**Recorded information**
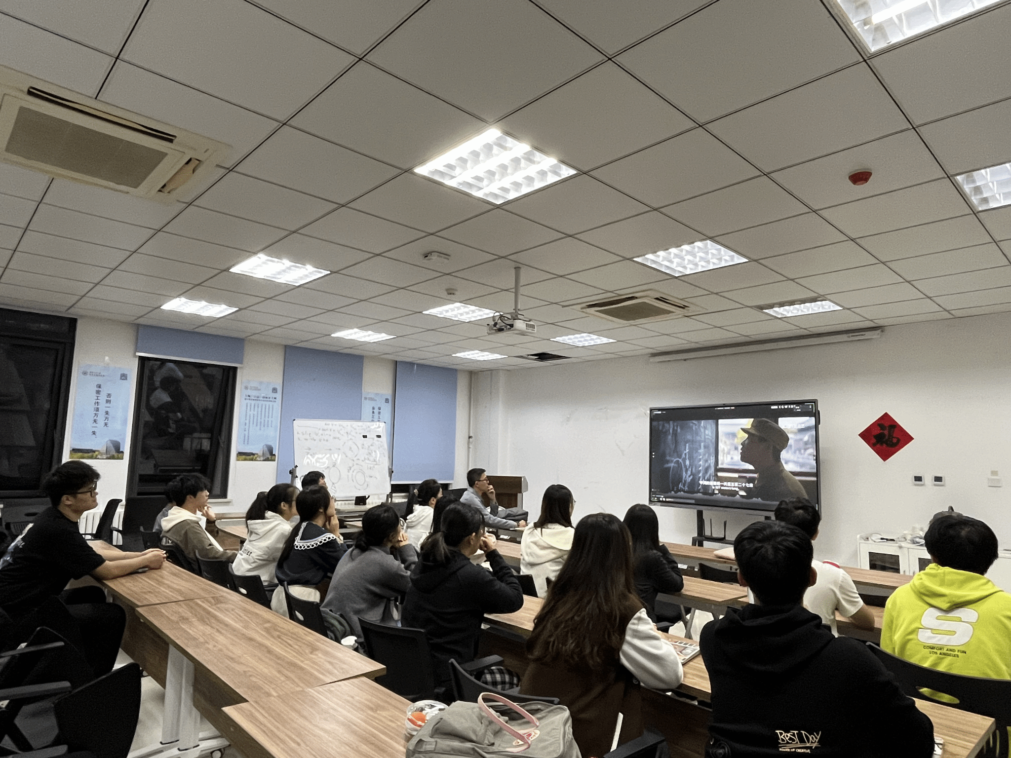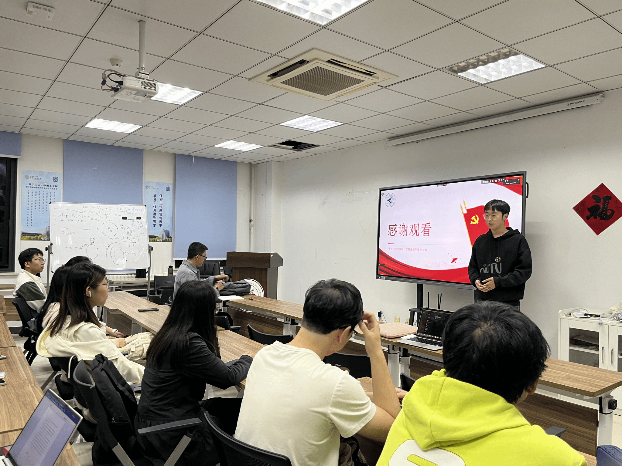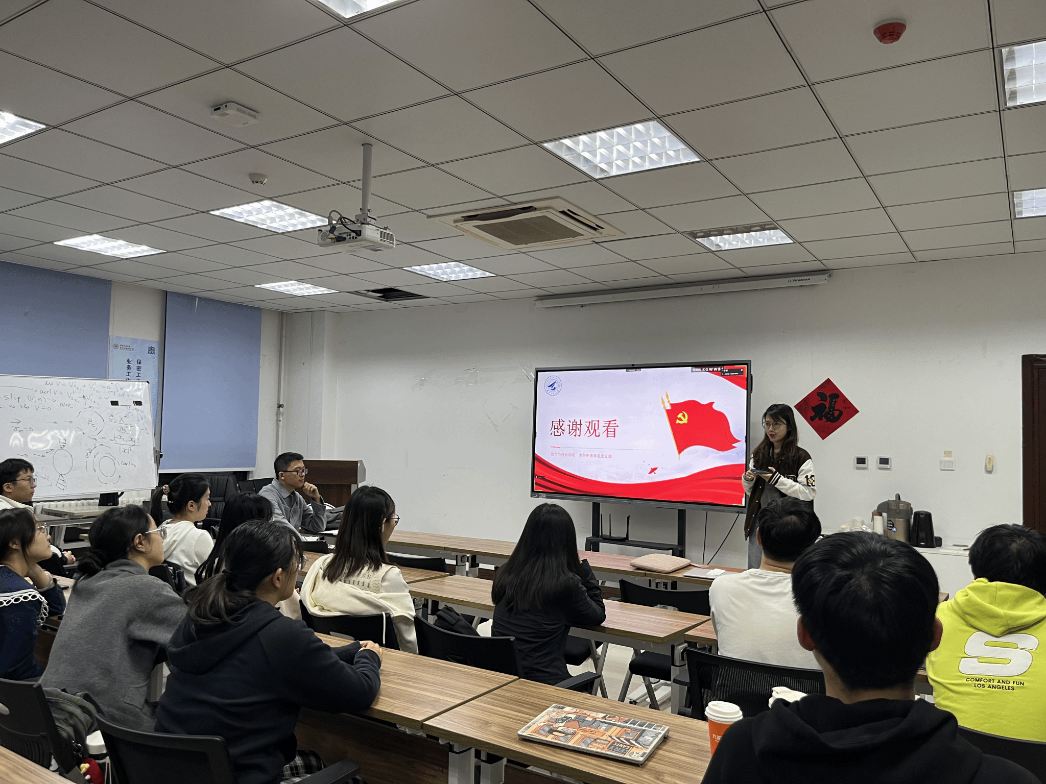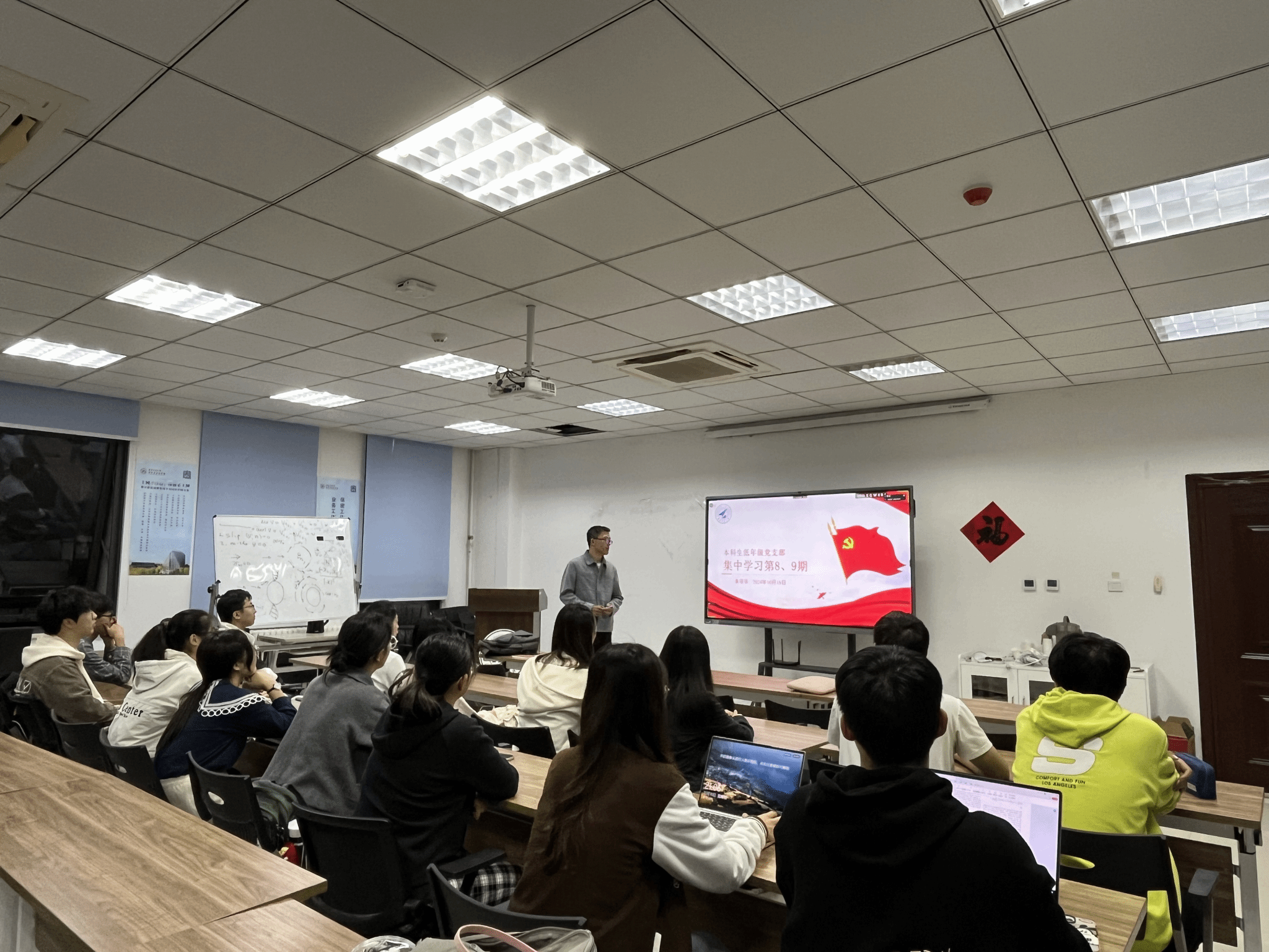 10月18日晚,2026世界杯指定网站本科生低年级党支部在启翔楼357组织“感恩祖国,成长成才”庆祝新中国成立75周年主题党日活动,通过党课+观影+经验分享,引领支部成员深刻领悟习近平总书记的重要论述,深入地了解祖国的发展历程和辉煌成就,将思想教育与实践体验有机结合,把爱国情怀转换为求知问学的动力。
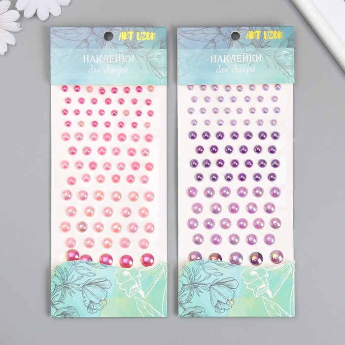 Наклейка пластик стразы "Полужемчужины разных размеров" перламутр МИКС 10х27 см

* * *

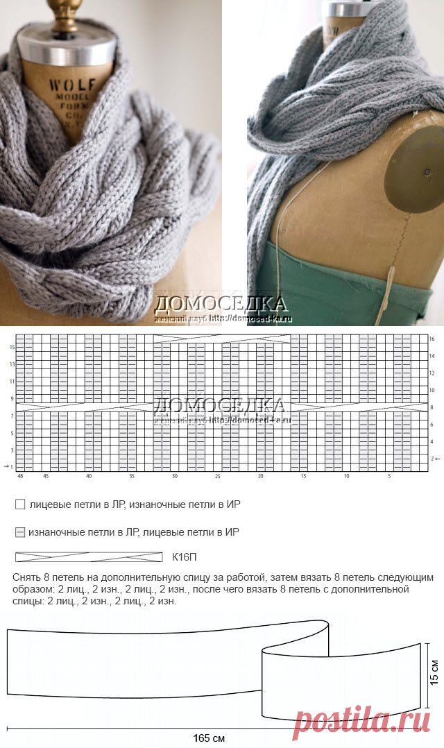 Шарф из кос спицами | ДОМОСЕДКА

* * *

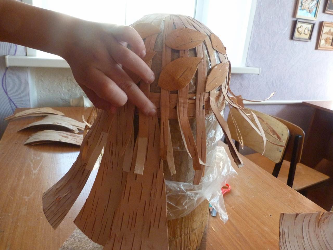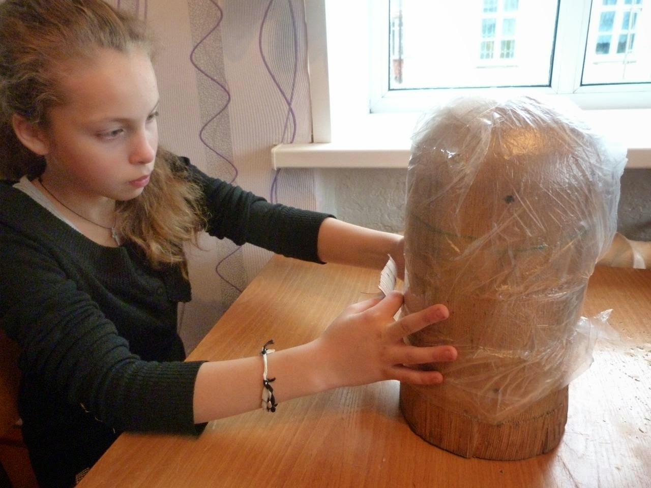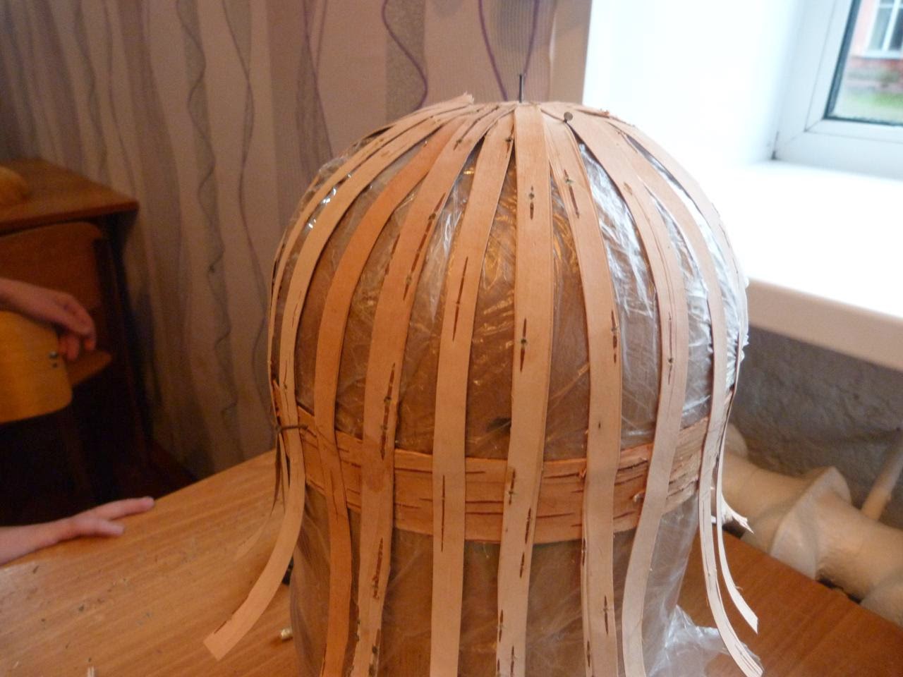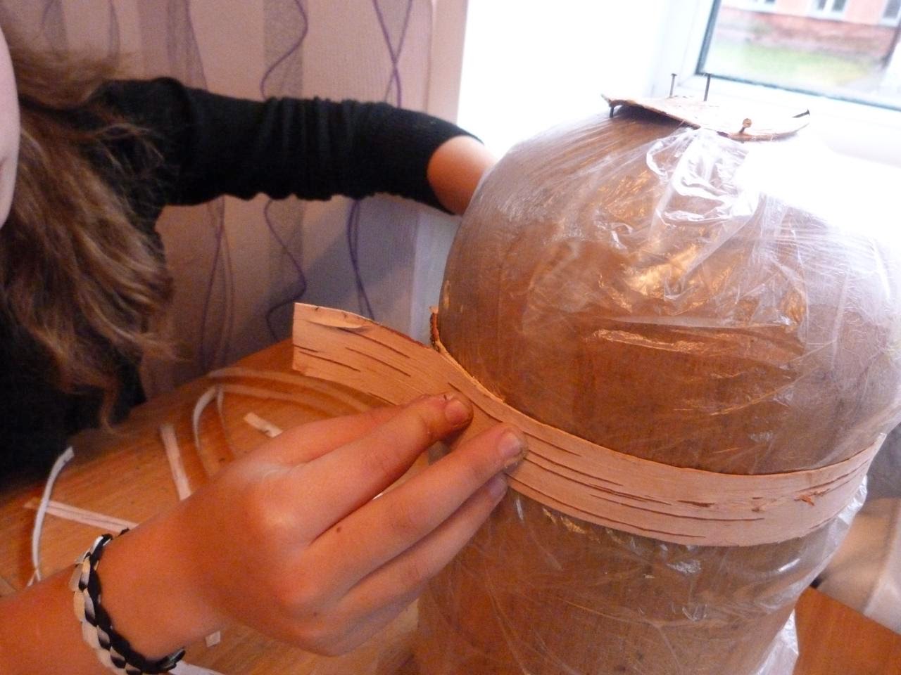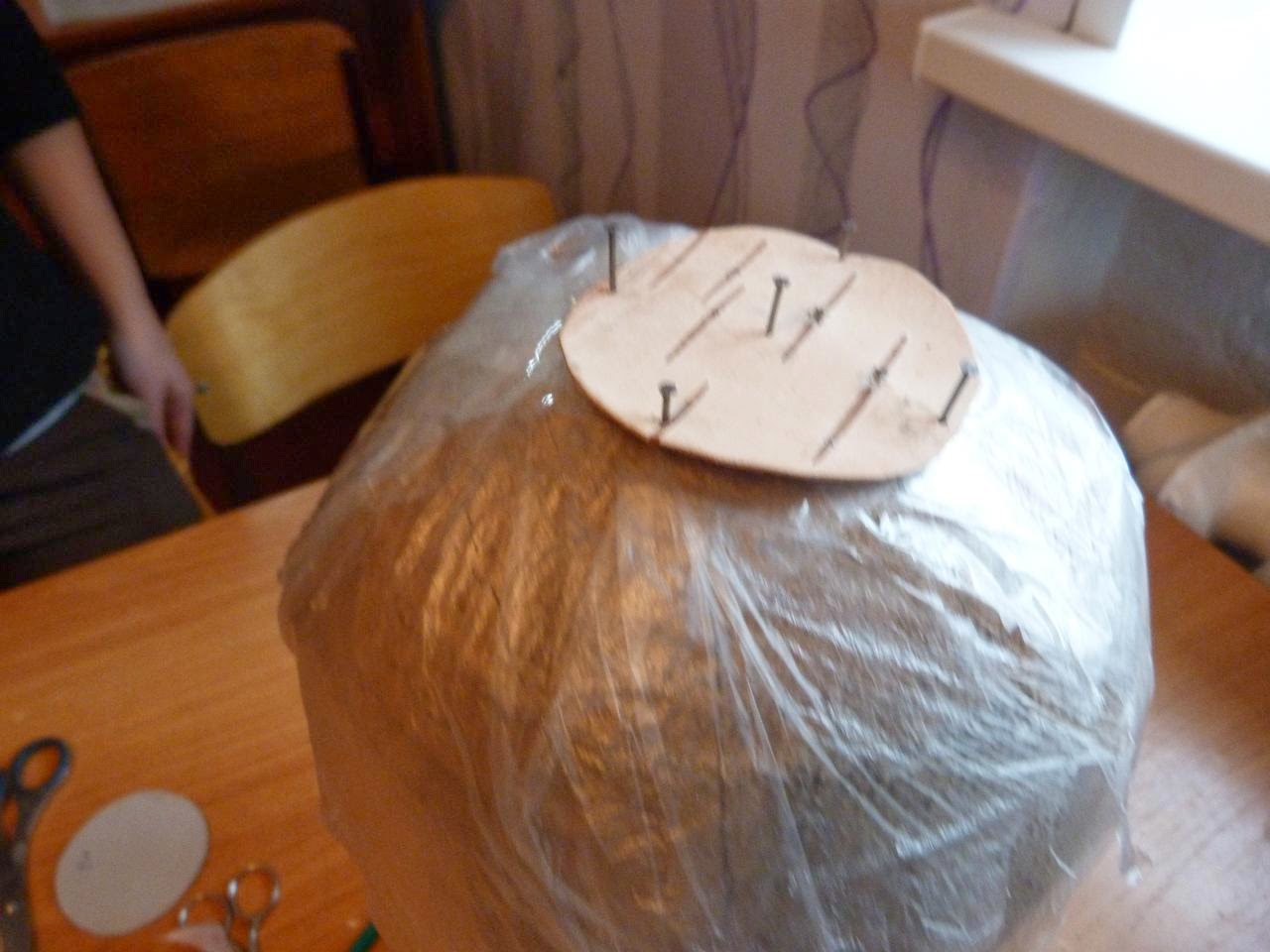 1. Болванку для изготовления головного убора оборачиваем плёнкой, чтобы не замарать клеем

**Exercise requirements**
Look above for the line with "10月18日晚,2026世界" and the line with "Наклейка пластик стразы". Output those two and everything between them exactly, pictures excluded.

**Your response**
 10月18日晚,2026世界杯指定网站本科生低年级党支部在启翔楼357组织“感恩祖国,成长成才”庆祝新中国成立75周年主题党日活动,通过党课+观影+经验分享,引领支部成员深刻领悟习近平总书记的重要论述,深入地了解祖国的发展历程和辉煌成就,将思想教育与实践体验有机结合,把爱国情怀转换为求知问学的动力。
 Наклейка пластик стразы "Полужемчужины разных размеров" перламутр МИКС 10х27 см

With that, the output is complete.